__PROBLEM STATEMENT__:
In the entries below, which lines run from the one with "Deze bijzettafel van" through the one with "Feliz cumpleaños a"? Repeat exactly those, both included, and no pictures.

__PROVIDED MATERIAL__:
_ _ _ _ _ _ _

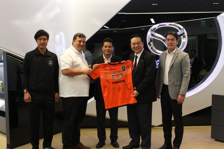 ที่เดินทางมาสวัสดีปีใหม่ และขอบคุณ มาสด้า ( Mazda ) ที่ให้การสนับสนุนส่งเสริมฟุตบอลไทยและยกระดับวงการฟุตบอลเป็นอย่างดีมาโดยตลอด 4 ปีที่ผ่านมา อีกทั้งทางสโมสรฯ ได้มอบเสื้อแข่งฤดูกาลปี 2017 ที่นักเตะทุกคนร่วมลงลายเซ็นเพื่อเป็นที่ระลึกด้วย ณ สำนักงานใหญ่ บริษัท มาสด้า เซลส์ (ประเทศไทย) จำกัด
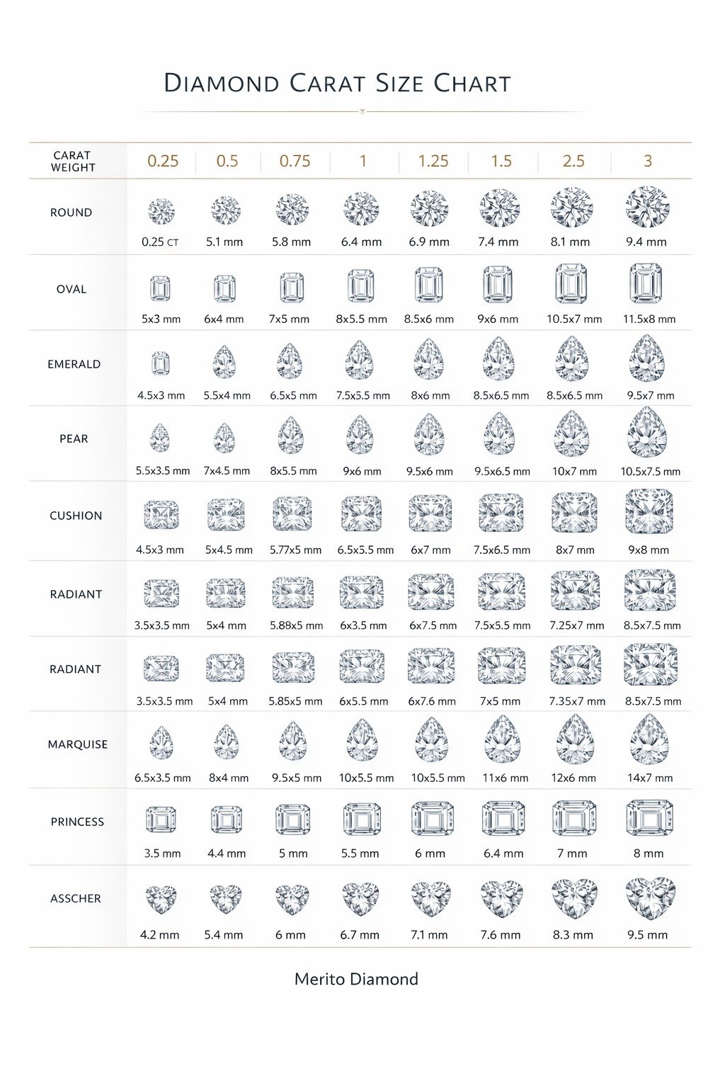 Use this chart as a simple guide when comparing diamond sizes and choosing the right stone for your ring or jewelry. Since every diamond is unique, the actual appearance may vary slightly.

_ _ _ _ _ _ _

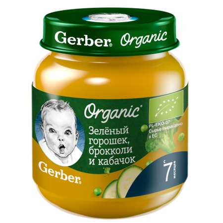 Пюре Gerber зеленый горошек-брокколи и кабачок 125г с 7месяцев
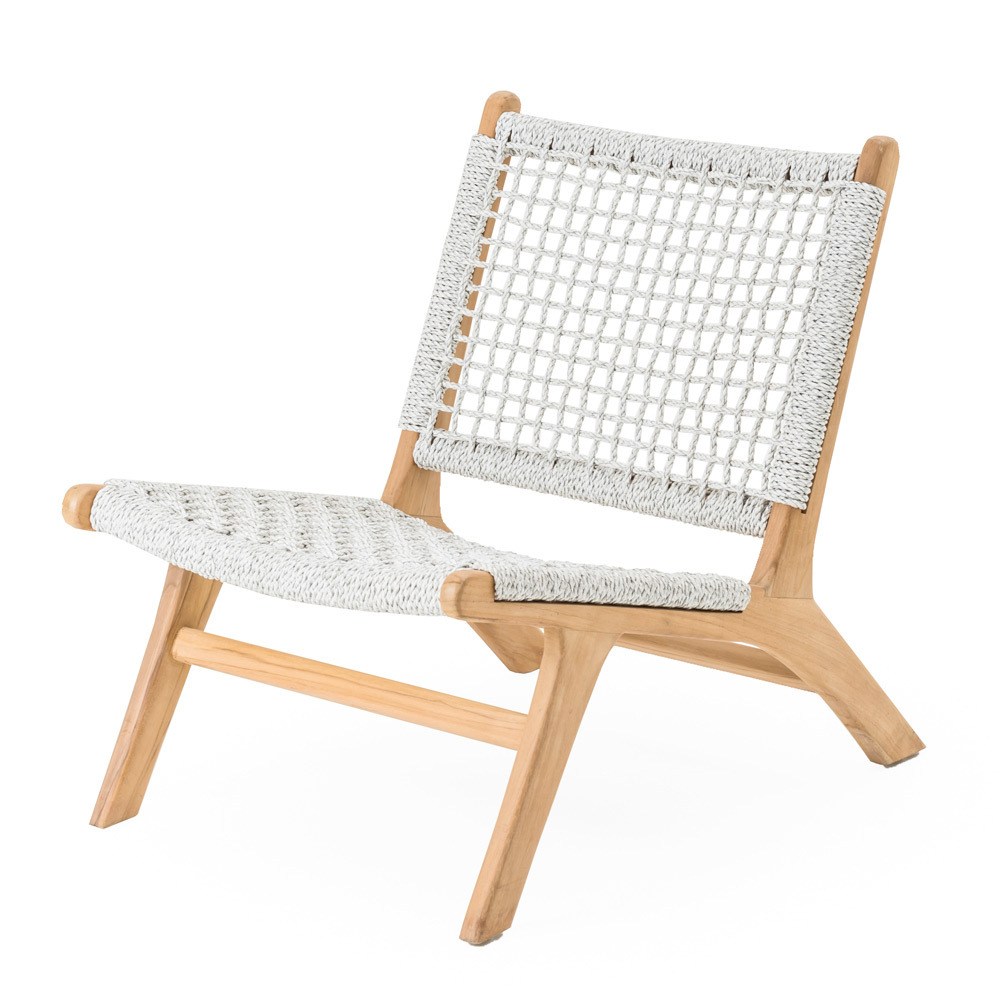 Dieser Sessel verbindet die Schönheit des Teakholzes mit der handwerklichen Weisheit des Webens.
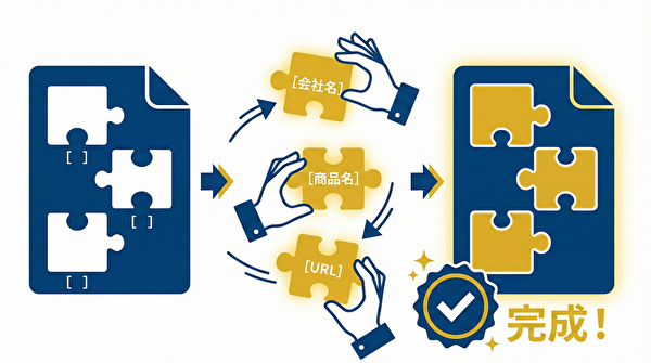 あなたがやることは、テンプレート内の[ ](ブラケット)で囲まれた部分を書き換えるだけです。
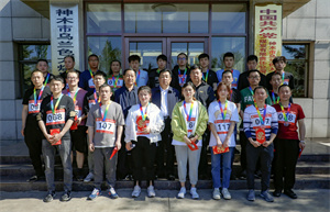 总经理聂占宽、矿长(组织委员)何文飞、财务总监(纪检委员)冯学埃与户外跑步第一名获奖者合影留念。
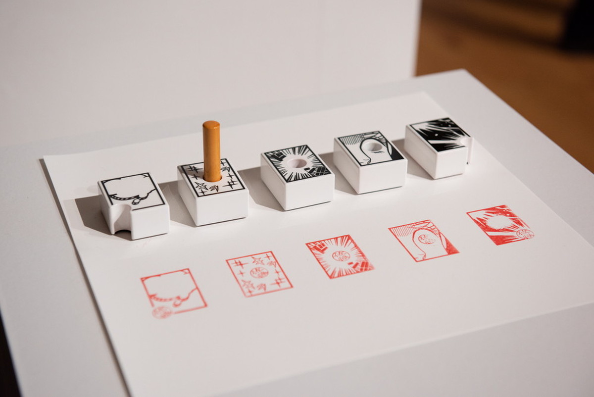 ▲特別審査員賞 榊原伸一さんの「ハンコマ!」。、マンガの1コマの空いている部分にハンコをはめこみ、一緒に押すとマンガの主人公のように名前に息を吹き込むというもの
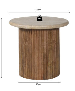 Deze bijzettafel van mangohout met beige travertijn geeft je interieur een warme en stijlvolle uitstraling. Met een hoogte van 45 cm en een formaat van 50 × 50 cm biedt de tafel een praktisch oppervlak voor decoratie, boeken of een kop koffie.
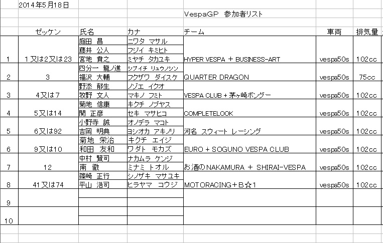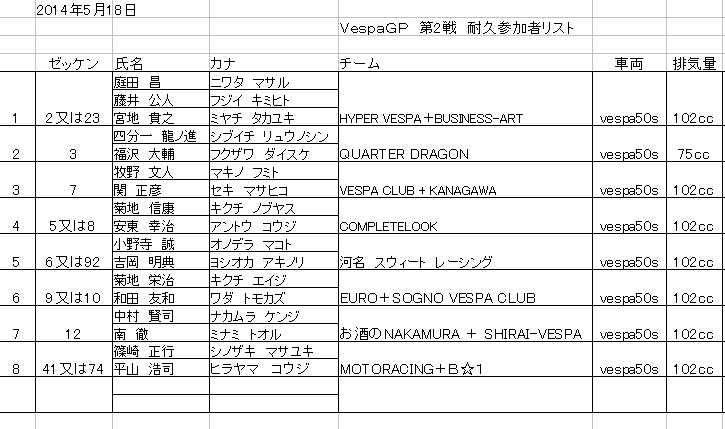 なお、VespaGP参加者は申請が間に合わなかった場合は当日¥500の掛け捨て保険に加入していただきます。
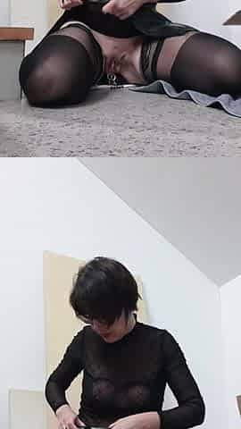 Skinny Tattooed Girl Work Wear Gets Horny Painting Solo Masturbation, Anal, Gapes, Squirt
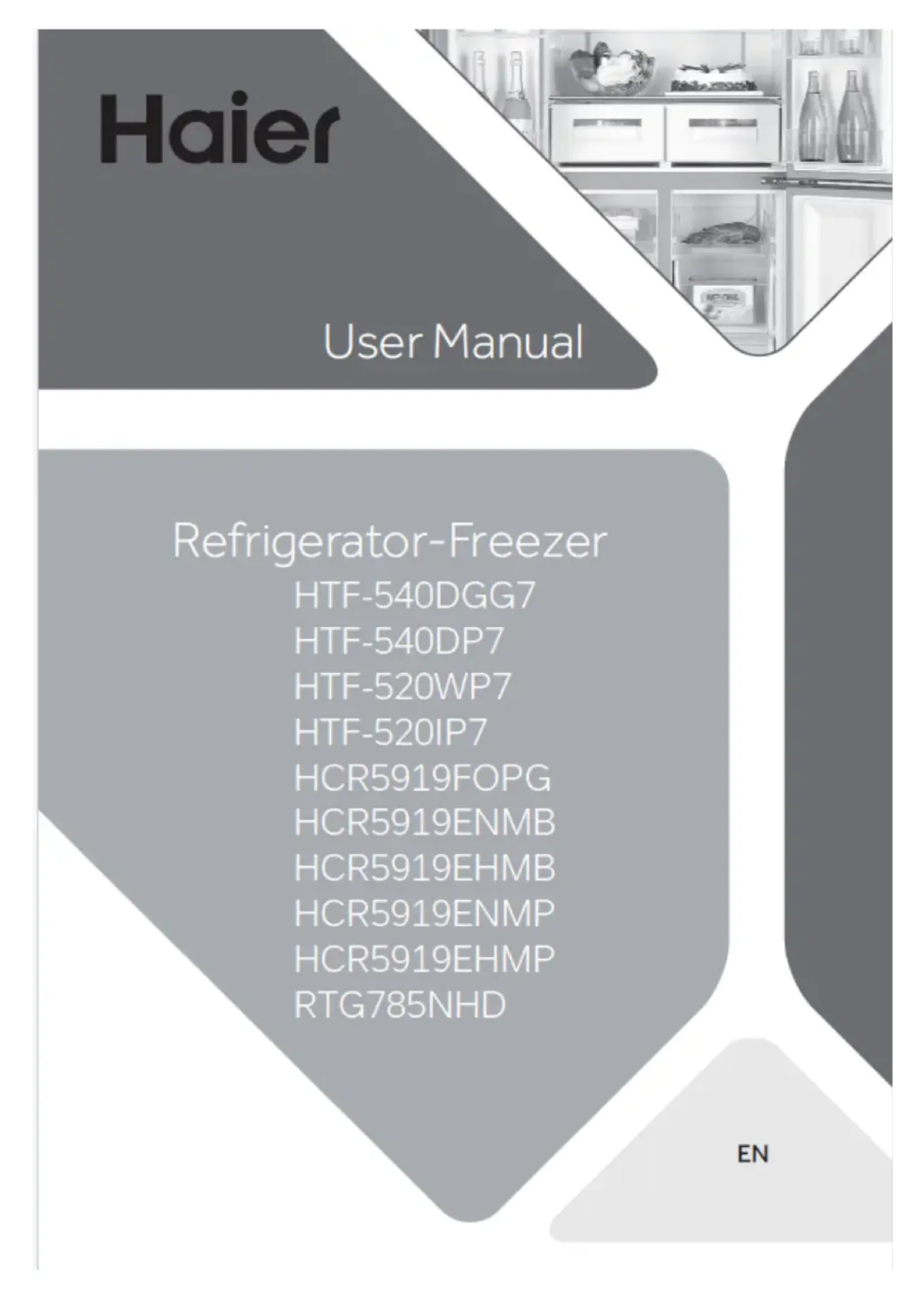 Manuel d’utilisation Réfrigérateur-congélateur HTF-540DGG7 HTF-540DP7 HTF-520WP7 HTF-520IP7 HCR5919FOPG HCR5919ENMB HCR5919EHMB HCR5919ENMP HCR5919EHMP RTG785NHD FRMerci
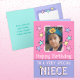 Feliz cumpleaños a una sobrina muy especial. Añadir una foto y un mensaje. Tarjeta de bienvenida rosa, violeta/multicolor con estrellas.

_ _ _ _ _ _ _

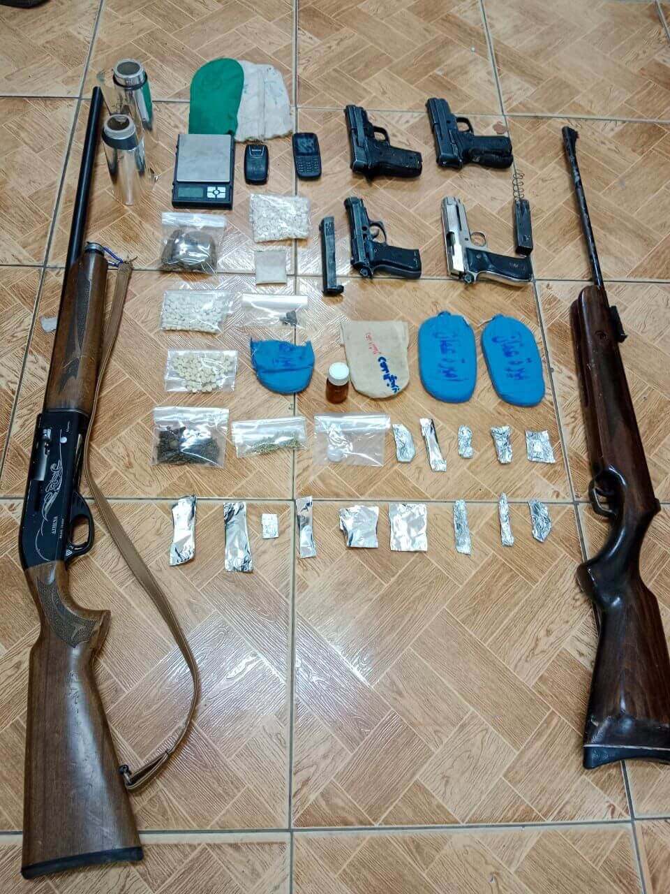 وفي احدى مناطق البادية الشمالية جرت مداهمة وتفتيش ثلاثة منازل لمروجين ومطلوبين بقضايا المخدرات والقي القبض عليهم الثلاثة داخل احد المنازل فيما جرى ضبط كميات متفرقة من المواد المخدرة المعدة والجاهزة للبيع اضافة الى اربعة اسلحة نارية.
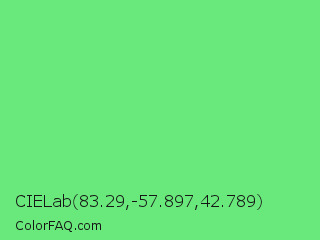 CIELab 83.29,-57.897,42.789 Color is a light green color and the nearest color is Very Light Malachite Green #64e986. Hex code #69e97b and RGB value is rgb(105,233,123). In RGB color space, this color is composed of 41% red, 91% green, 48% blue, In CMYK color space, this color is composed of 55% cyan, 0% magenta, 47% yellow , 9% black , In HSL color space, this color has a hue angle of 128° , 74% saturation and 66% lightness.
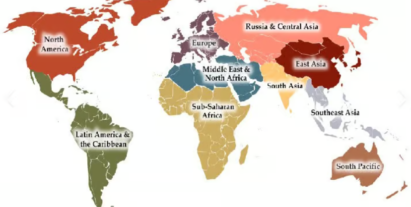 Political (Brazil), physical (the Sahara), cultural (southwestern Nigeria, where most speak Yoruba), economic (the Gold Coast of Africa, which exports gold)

_ _ _ _ _ _ _

__REPLY__:
 Deze bijzettafel van mangohout met beige travertijn geeft je interieur een warme en stijlvolle uitstraling. Met een hoogte van 45 cm en een formaat van 50 × 50 cm biedt de tafel een praktisch oppervlak voor decoratie, boeken of een kop koffie.
 なお、VespaGP参加者は申請が間に合わなかった場合は当日¥500の掛け捨て保険に加入していただきます。
 Skinny Tattooed Girl Work Wear Gets Horny Painting Solo Masturbation, Anal, Gapes, Squirt
 Manuel d’utilisation Réfrigérateur-congélateur HTF-540DGG7 HTF-540DP7 HTF-520WP7 HTF-520IP7 HCR5919FOPG HCR5919ENMB HCR5919EHMB HCR5919ENMP HCR5919EHMP RTG785NHD FRMerci
 Feliz cumpleaños a una sobrina muy especial. Añadir una foto y un mensaje. Tarjeta de bienvenida rosa, violeta/multicolor con estrellas.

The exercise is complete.